▶ _Exercise objective_: Below are some records. Write out exactly their lines from the one with "(식물) 북한 1991.10.16 꽃 sheetlet of 6 MNH" through the one with "年实验猴市价格比较 2021 年增长,生产成本压力大,毛利率明显下降。2023", and leave the pictures behind.

▶ _Data extract_:

○ ○ ○ ○

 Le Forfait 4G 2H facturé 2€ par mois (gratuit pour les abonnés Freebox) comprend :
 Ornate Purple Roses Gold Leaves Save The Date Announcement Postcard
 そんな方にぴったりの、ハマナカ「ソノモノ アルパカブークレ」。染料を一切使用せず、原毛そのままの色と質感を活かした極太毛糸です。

○ ○ ○ ○

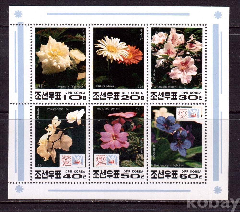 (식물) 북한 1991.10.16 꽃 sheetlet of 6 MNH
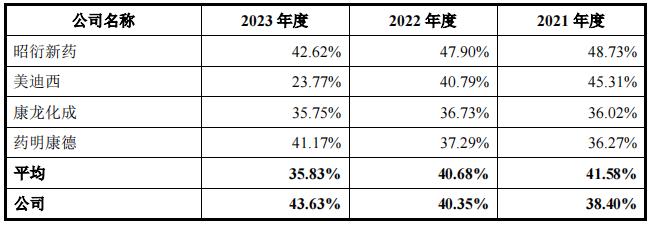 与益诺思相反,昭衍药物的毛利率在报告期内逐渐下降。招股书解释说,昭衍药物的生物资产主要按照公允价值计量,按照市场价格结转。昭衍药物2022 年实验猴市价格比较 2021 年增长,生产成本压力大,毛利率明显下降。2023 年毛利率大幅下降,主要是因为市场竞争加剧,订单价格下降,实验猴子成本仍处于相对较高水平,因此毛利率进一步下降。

○ ○ ○ ○

▶ _Problem solution_:
 (식물) 북한 1991.10.16 꽃 sheetlet of 6 MNH
 与益诺思相反,昭衍药物的毛利率在报告期内逐渐下降。招股书解释说,昭衍药物的生物资产主要按照公允价值计量,按照市场价格结转。昭衍药物2022 年实验猴市价格比较 2021 年增长,生产成本压力大,毛利率明显下降。2023 年毛利率大幅下降,主要是因为市场竞争加剧,订单价格下降,实验猴子成本仍处于相对较高水平,因此毛利率进一步下降。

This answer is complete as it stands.